Get to Know our Staff: Emily Lachmann, Clinical Research

by | Dec 14, 2022 | Scoliosis & Spine

Each year, our team seeks out college students interested in pursuing a career in medicine. Clinical Orthopedic Research Assistants (CORA) are hired at Scottish Rite for Children to assist our experts in performing clinical research tasks and collaborating on research projects. CORA staff are also mentored by our experts and given valuable advice and guidance for their future. Each CORA staff member specializes in a specific area of study and works with the experts in that department, receiving a well-rounded experience in their field of interest.

What inspired you to apply for the CORA/MSRF position?
After deciding to take a gap year before medical school, I was unsure about what I wanted to do. I applied for the CORA program because this position encompassed everything that I was searching for to prepare me for medical school from taking on research projects, working with a physician mentor, having lots of shadowing opportunities and getting experience with patients.

Have you always been interested in medicine and/or research?
I have always been interested in medicine, but my interest in research did not develop until my undergraduate years at Baylor University. During that time, I worked for a principal investigator that was developing a phone application to detect early stages of retinoblastoma (eye cancer) in children. This really opened my eyes to the impact of research, particularly in pediatrics, where we have the power to change children’s lives. I am so grateful to continue this type of work at Scottish Rite for Children.

What is it like working at Scottish Rite for Children?
Working at Scottish Rite has beyond exceeded my expectations. The staff here are so kind, and everyone truly values the mission of the organization to give children back their childhood. From my first day, the research team and the clinic staff were so welcoming and wanting to help me succeed in this new role. Specifically, the members of the Spine Research team have gone above and beyond to teach me the skills I need to be a successful researcher and future physician. Although Scottish Rite is made up of many different departments, it is clear that we are one big team.
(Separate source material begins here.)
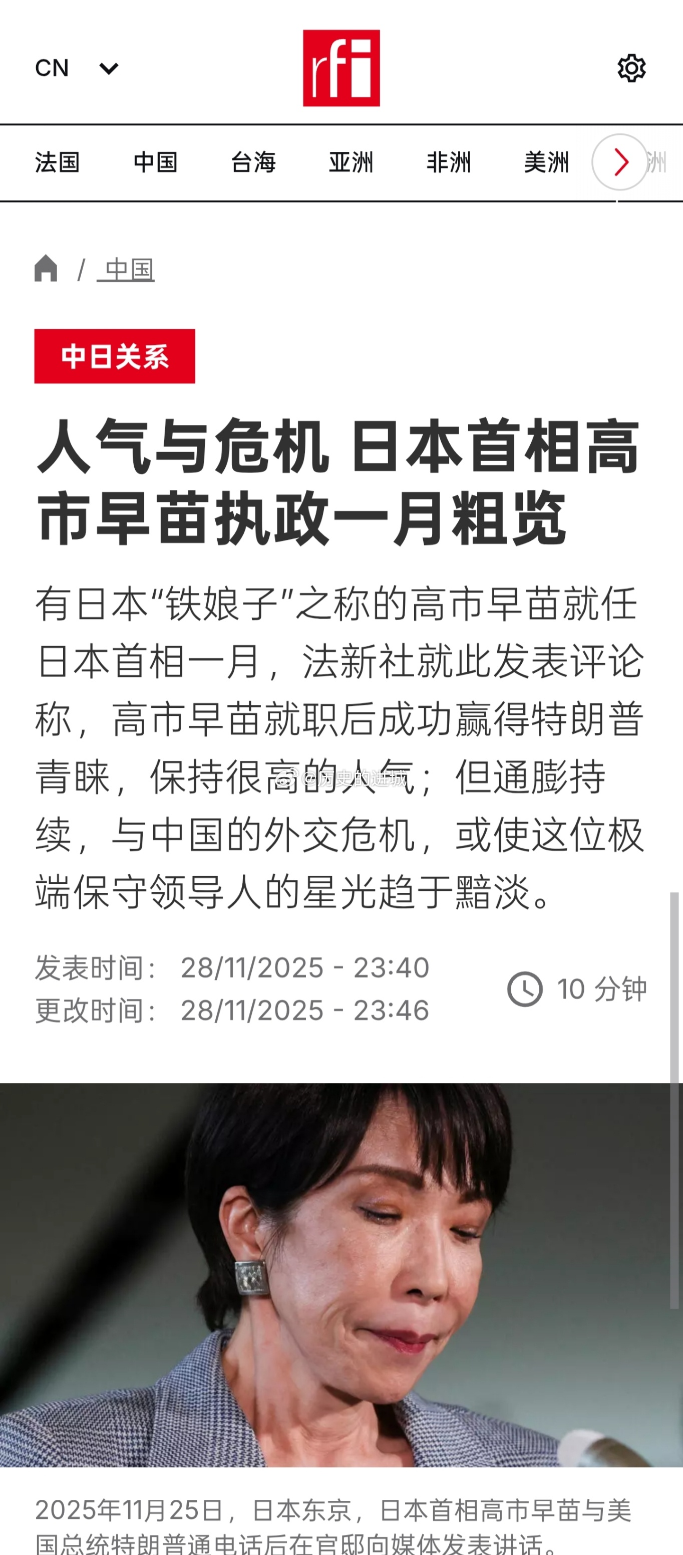 高市早苗就任日本首相一月,法新社发表评论称,高市早苗就职后成功赢得特朗普青睐,保持很高的人气;但通膨持续,与中国的外交危机,或使这位极端保守领导人的星光趋于黯淡。美国雪城大学马克斯韦尔学院分析师玛格丽塔.埃斯特韦斯-阿贝认为,中国 “有很多的经济杠杆来惩罚日本,而东京却没有”。其他潜在的报复措施可能包括中国限制对日稀土出口或限制日本产品出口中国。这位专家对法新社称,任命以保守著称的高市早苗担任首相“在日本经济形势微妙时刻对中日关系是一个非常冒险的选择”。这位专家还称:“在没有事先计划好的情况下与更强大的人交战并非体现'领导力'”。

Can you share a few sentences about someone at Scottish Rite who has been a mentor to you and how they have impacted your experience? What project are you working on with that mentor?
Dr. Amy L. McIntosh was the first mentor I worked with, and she was quick to make an impact on me. I was unaware of her impact at the time, but after learning more about her, I feel privileged to have her as a mentor. Her work as the Director of Clinical Safety, her passion to support women in STEM and her lead as the principal investigator to one of our largest scoliosis studies is inspiring to someone who is starting their career in medicine. When I am down in the clinic, Dr. McIntosh is always very welcoming and constantly inviting me to shadow with her. She takes the time to show me X-rays so that I can learn and better my understanding of complex conditions. In addition to working closely with her on the Early Onset Scoliosis study, Dr. McIntosh gave me the opportunity to work with her on a manuscript about reducing patient narcotic usage after scoliosis surgery, which recently got accepted to a pediatric anesthesia journal!
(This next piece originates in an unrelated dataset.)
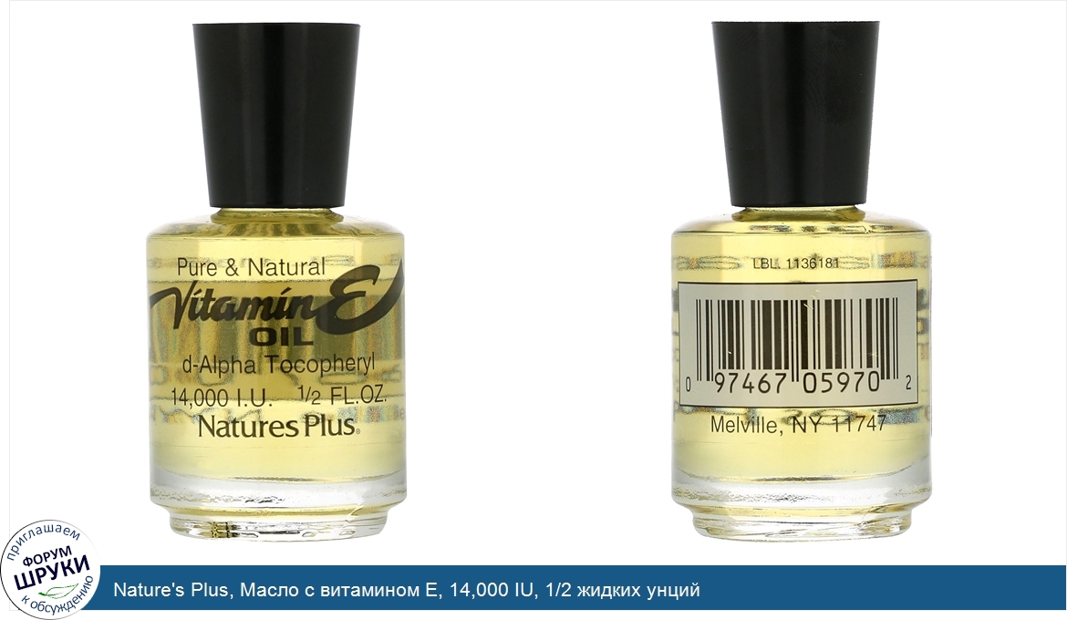 Nature\'s Plus, Масло с витамином Е, 14,000 IU, 1/2 жидких унций

How do you think this experience will impact your career path?
The CORA program gave me invaluable experiences that were both helpful toward my immediate goal of medical school and will be helpful toward my long-term career goals. The experience working with patients, learning how to collaborate with principal investigators, and understanding the ins and outs of clinical research will have endless benefits. All these experiences have grown my confidence in communicating with patients and the various medical teams, applying to medical school and in my abilities as a researcher.
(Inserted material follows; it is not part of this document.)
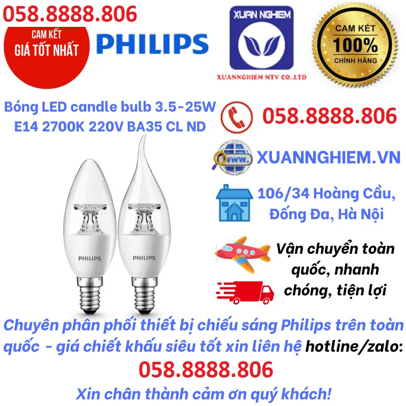 Bóng LED candle bulb 3.5-25W E14 2700K 220V BA35 CL ND / LED 5.5-40W E14 2700K 220V BA35 CL ND

What progress have you made toward your career goal since beginning the program?
Since beginning this program, I have been accepted to medical school and will be attending UT Southwestern, Class of 2027. Also, I have had the opportunity to be an author on multiple abstracts and publications, one of which recently just got accepted by a pediatric anesthesia journal!

What is your favorite project that you are currently working on or have worked on at Scottish Rite?
My work on the Early Onset Scoliosis Study is my favorite and most rewarding project. The children are the most resilient and sweet. Getting to see and work with these patients and their families is the highlight of my day. It is so rewarding and fun to share the research process with them and to educate them on the impact research can have for future children.

What advice do you have for future CORA/MSRF participants?
Be thankful for this opportunity! Scottish Rite for Children is such a special place filled with the most supportive staff. Be a good team player, work hard and always put the patients first!

What is one thing most people don’t know about you?
I love playing sports and am extremely competitive! Last year, I broke my finger playing flag football. (I am also an orthopedic patient myself!)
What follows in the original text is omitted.